The business information (BI) market is fierce and crowded. Historically, the big players — think Oracle and IBM — engaged in feature wars to try to justify budget-stretching (if not budget-busting) pricing, and relied heavily on high-touch salesmanship. To make matters worse, the vendors expected your IT department to work with the vendors’ own consultants to configure their products and integrate them with each of your systems of record, often at additional cost.
Once a traditional BI system was installed and running, managers had to wait for weekly or monthly line-of-business reports, meaning decisions often took a month, plus another month to implement. Adding a report required a request to woefully-backlogged IT, and could take weeks or months to design and code.
That all changed with the 2004 introduction of self-service BI, exemplified by the five top self-service platforms I cover in a companion comparison: Domo, Power BI, Qlik Sense, QuickSight, and Tableau. The transition to self-service BI was in part fueled by the ability to make business decisions in days rather than months.

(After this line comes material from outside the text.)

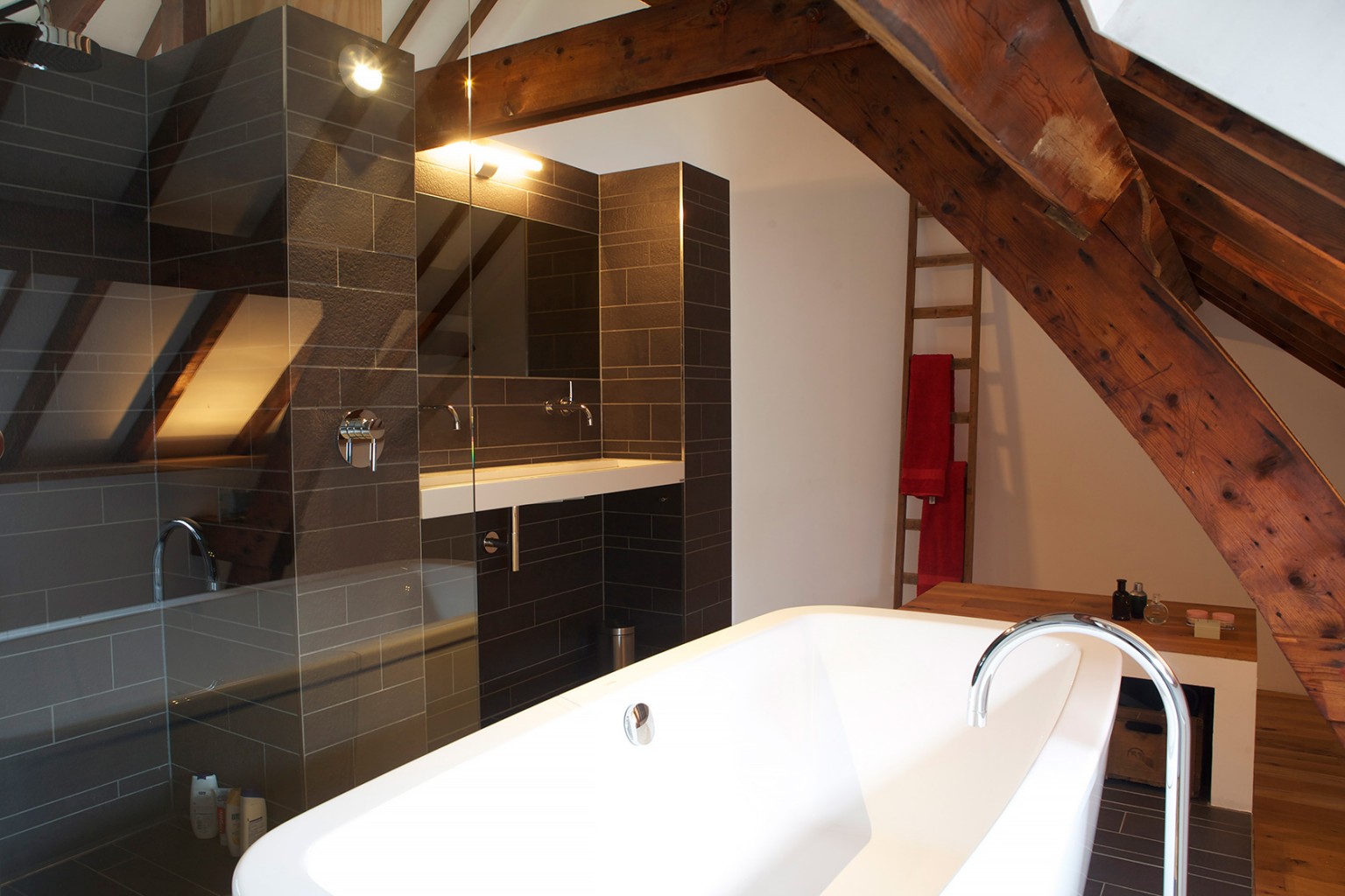 De ingrepen door de jaren heen hebben het pand zijn huidige charme en karakteristiek gegeven en hebben het uitgangspunt gevormd voor de herbestemming. Het uiterlijk is nagenoeg ongewijzigd gebleven. Alleen aan de langsgevels zijn een tweetal openingen terug gebracht die de toegang tot de woning en de toegang tot de tuin mogelijk maken. Daar waar mogelijk zijn de bestaande materialen hergebruikt.

Of late, the availability of cloud computing and high-speed internet access have been key technical drivers of self-service BI.
Of course, traditional BI is still alive and well, although somewhat diminished. Financial reporting in particular requires 100% accuracy and usually allows weeks for producing reports. Reporting turns out to be a separate use case that may not always be well-served by self-service BI products, which emphasize interactive visual discovery, although some of the newer platforms attempt to completely replace traditional BI systems.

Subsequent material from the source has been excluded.